U.S. Officials, Attorneys Notice Spike in Intellectual Property Cases at ITC Government officials and intellectual property attorneys speaking at an April 22 event sponsored by the Washington International Trade Association said that they have observed an increase in intellectual property rights cases filed with the International Trade Commission and that they expect this trend to continue. ITC official Lynn Levine noted that the number of Section 337 investigations more than tripled, from 11 cases to 34, between fiscal year 2000 and FY 2006. These investigations are requested by companies seeking to prevent the importation of products that infringe their patents, trademarks and/or copyrights. Another 34 Section 337 cases have been filed so far this fiscal year, Levine added, with more expected in the remaining five months.

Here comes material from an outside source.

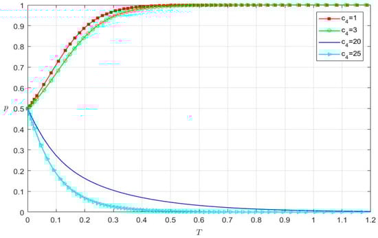 Keeping other parameters unchanged, we study the strategy selection of audit regulators under the impact of the active supervision cost (c4). When c4 is 1, 3, 20, and 25, respectively, the simulation results of the strategy selection of audit regulators are shown in Figure 10.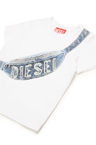 Short-sleeved crew-neck T-shirt in jersey. Features a Diesel Hip Pack trompe-l'oeil print on the front. Practical button closure on the shoulder. Made of 100% cotton.

Levine and others attributed the spike in Section 337 filings to growing public awareness of the benefits of taking IPR cases to the ITC instead of a federal court. For example, a 2007 dispute between Broadcom and Qualcomm received extensive mainstream media coverage after the ITC banned imports of cell phones, personal digital assistants and other products that contain chips and chipsets made by Qualcomm that the ITC found to have violated a patent held by Broadcom. Attorney David Nickel said the benefits of Section 337 cases – a quick and efficient forum, the ITC commissioners’ IPR expertise and the available remedies (including bans on imports of infringing articles and prohibitions on violative conduct) – make them the most powerful weapon for a U.S. patent holder. In contrast to litigating an IPR case in federal court, Nickel said, where discovery proceedings are slow and there can be difficulties in naming multiple defendants, in a Section 337 case a complainant can bring multiple foreign and domestic parties into one forum (provided that they can prove importation) and the discovery process is broad and more efficient.
Panelists noted that ITC action is only one part of a Section 337 proceeding and that U.S. Customs and Border Protection has an important role to play as well in enforcing the exclusion orders issued by the ITC. CBP’s enforcement efforts were criticized in a recent report from the Government Accountability Office, which said CBP “has allocated few resources to carry out its role in this complex area, lacks data to track its enforcement of exclusion orders, and has not given sufficient attention to addressing the procedural weaknesses” the GAO has previously identified. CBP official Dwayne Rawlings said at the April 22 event that the agency is working to correct these deficiencies by formalizing a method to collaborate with parties to ITC proceedings to determine the scope of their orders and how they should be enforced.
In a breakdown of pending Section 337 cases, Levine said that accused imports come from 28 foreign locales and that there are respondents from China in about 20 of the 53 investigations. Approximately 50 percent of the cases relate to electronics, telecommunications, computer and semiconductor products while the remainder address mechanical, biotech/pharmaceutical, chemical and various consumer products.